A World record footprint has been discovered of a carnivorous dinosaur. This is the largest print ever found of a flesh-eating dinosaur, and was discovered in Bolivia. Good thing this thing isn't still walking around.
Until now, the largest track from a meat-eating dinosaur measured at 110 centimeters and was discovered in New Mexico, according to paleontologist Sebastian Apesteguia.
Grover Marquina, a tour guide, was trekking through the Maragua Crater about 65 kilometers (40 miles) from the capital Sucre when he stumbled upon the fossilized footprint on July 19. The indentation exceeds 115 centimeters -- nearly 4 feet wide -- Apesteguia told CNN.

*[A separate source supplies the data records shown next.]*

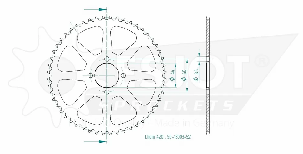 De ESJOT REAR STEEL 52T, 420 heeft 52 tanden en een diameter van 420, waardoor het een uitstekende keuze is voor verschillende motoren en scooters.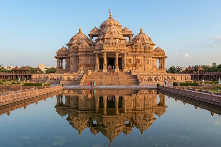 Akshardham Temple, Delhi – Modern Hindu temple, exhibitions, musical fountain.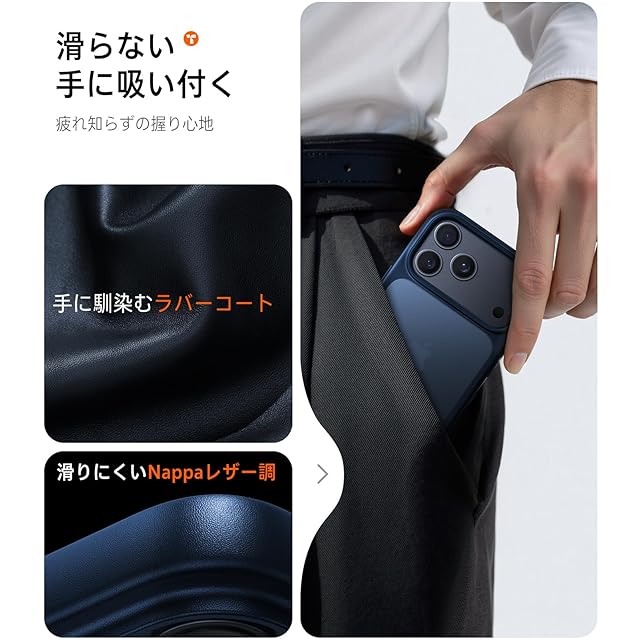 【防滑と快適さの完成形、7年の進化】NaPPaレザー調の微細なテクスチャーとラバー塗装を組み合わせ、手に自然に馴染む防滑性を実現。サラサラで滑らか、高級マウスのような上質な手触り。7年間の改良の末に辿り着いた、滑りにくさと心地よさの究極バランスです。手に握った瞬間から安心感と満足感が広がり、長時間の操作や持ち歩きでも疲れにくく、滑り落ちの不安から解放されます。(対応機種:For iphone17 pro ケース)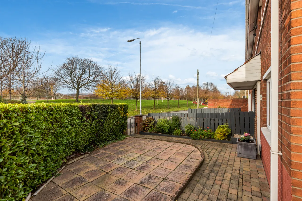 Paved patio, mature hedging to front. Side garden laid in brick paver, mature hedging, driveway.

Normally, these types of prints are between 85 to 100 centimeters, he said. Apesteguia, a scientist based in Buenos Aires, Argentina, explained that the likely owner of the footprint belonged to a large dinosaur species, possibly a creature that was a part of the Abelisaurus genus.

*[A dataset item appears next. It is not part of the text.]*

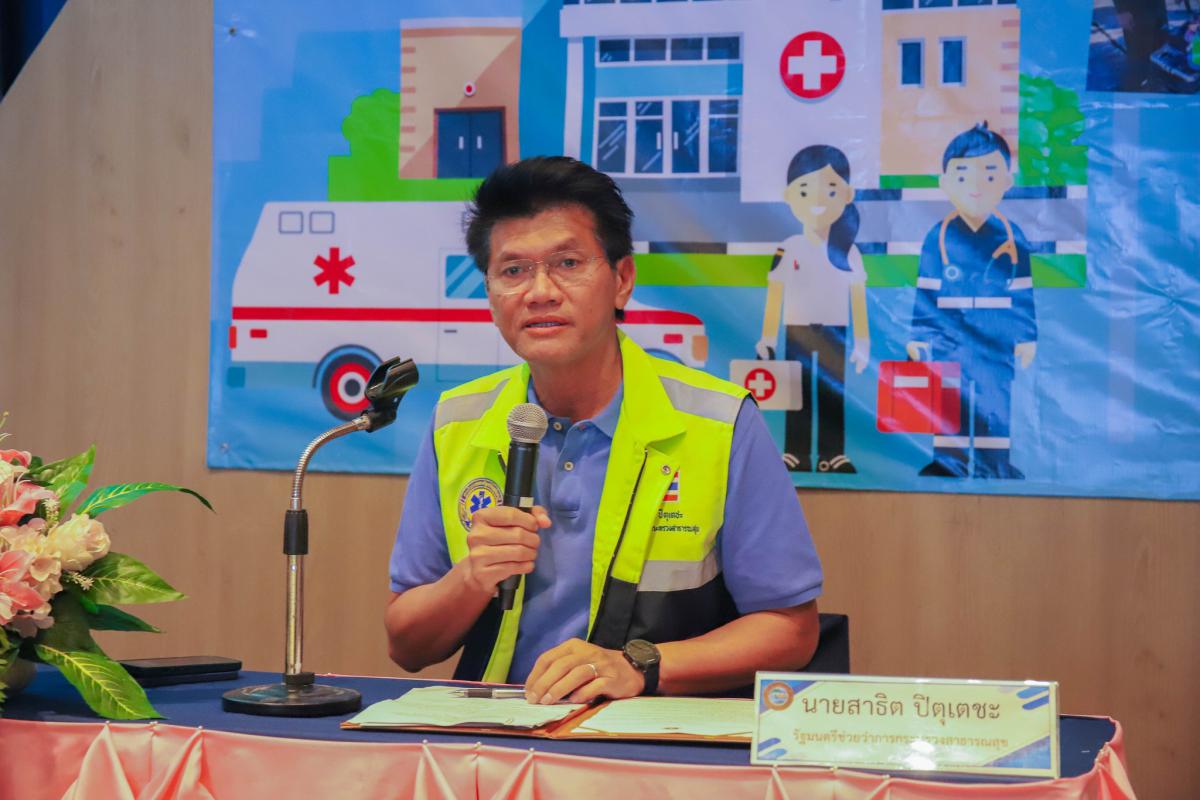 วันที่ 13 กรกฎาคม 2566 เวลา 09.00 น. นายสาธิต ปิตุเตชะ รัฐมนตรีช่วยว่าการกระทรวงสาธารณสุข เป็นประธานเปิดโครงการ “พัฒนาระบบบริการแพทย์ฉุกเฉินจังหวัดระยอง ด้านการปฏิบัติการฉุกเฉินการแพทย์ทางอากาศ (Aeromedical Transport)” โดยมีนายกิตติ เกียรติ์มนตรี รองนายกองค์การบริหารส่วนจังหวัดระยอง เป็นผู้กล่าวรายงาน ซึ่งได้รับความร่วมมือทุกภาคส่วน ณ เกาะเสม็ด โดย อบจ.ระยอง สถาบันการแพทย์ฉุกเฉินแห่งชาติ ศูนย์อำนวยการรักษาผลประโยชน์ของชาติทางทะเล สาธารณะสุขจังหวัดระยอง อุทยานแห่งชาติเขาแหลมหญ้า – หมู่เกาะเสม็ด อบต.เพ รวมถึงหน่วยงานอื่นๆ ที่เกี่ยวข้อง ได้ร่วมจัดทำโครงการพัฒนาระบบบริการแพทย์ฉุกเฉินจังหวัดระยอง ด้านการปฏิบัติการฉุกเฉินการแพทย์ทางอากาศ (Aeromedical Transport) เพื่อเป็นการร่วมกันวางแผนป้องกันและบรรเทาสาธารณภัยในเขตพื้นที่จังหวัดระยอง หากเกิดสถานการณ์ฉุกเฉินภัยพิบัติต่างๆ จะได้มีแผนรองรับที่ใช้ในงานที่เกี่ยวข้องทั้งหน่วยงานภาครัฐ และเอกชน ให้เป็นไปในแนวทางเดียวกัน ทำให้เกิดความรวดเร็ว ปลอดภัยทั้งผู้ปฏิบัติงาน และผู้ประสบเหตุสาธารณภัย และยังสามารถรับมือ บริหารจัดการภาวะภัยพิบัติตั้งแต่ขนาดเล็กจนถึงขนาดใหญ่ ได้อย่างรวดเร็วและมีประสิทธิภาพที่ดีต่อไป

Predatory creatures in the Abelisaurus family were two-legged beasts that lived about 70 million years ago. With a powerful jaw, 40-foot stature and stunted arms, the features of these animals rival the better known and infamous Tyrannosaurus rex, or maybe even an oversized raptor called a Megaraptor -- a fierce creature that has been identified in the Patagonia region before.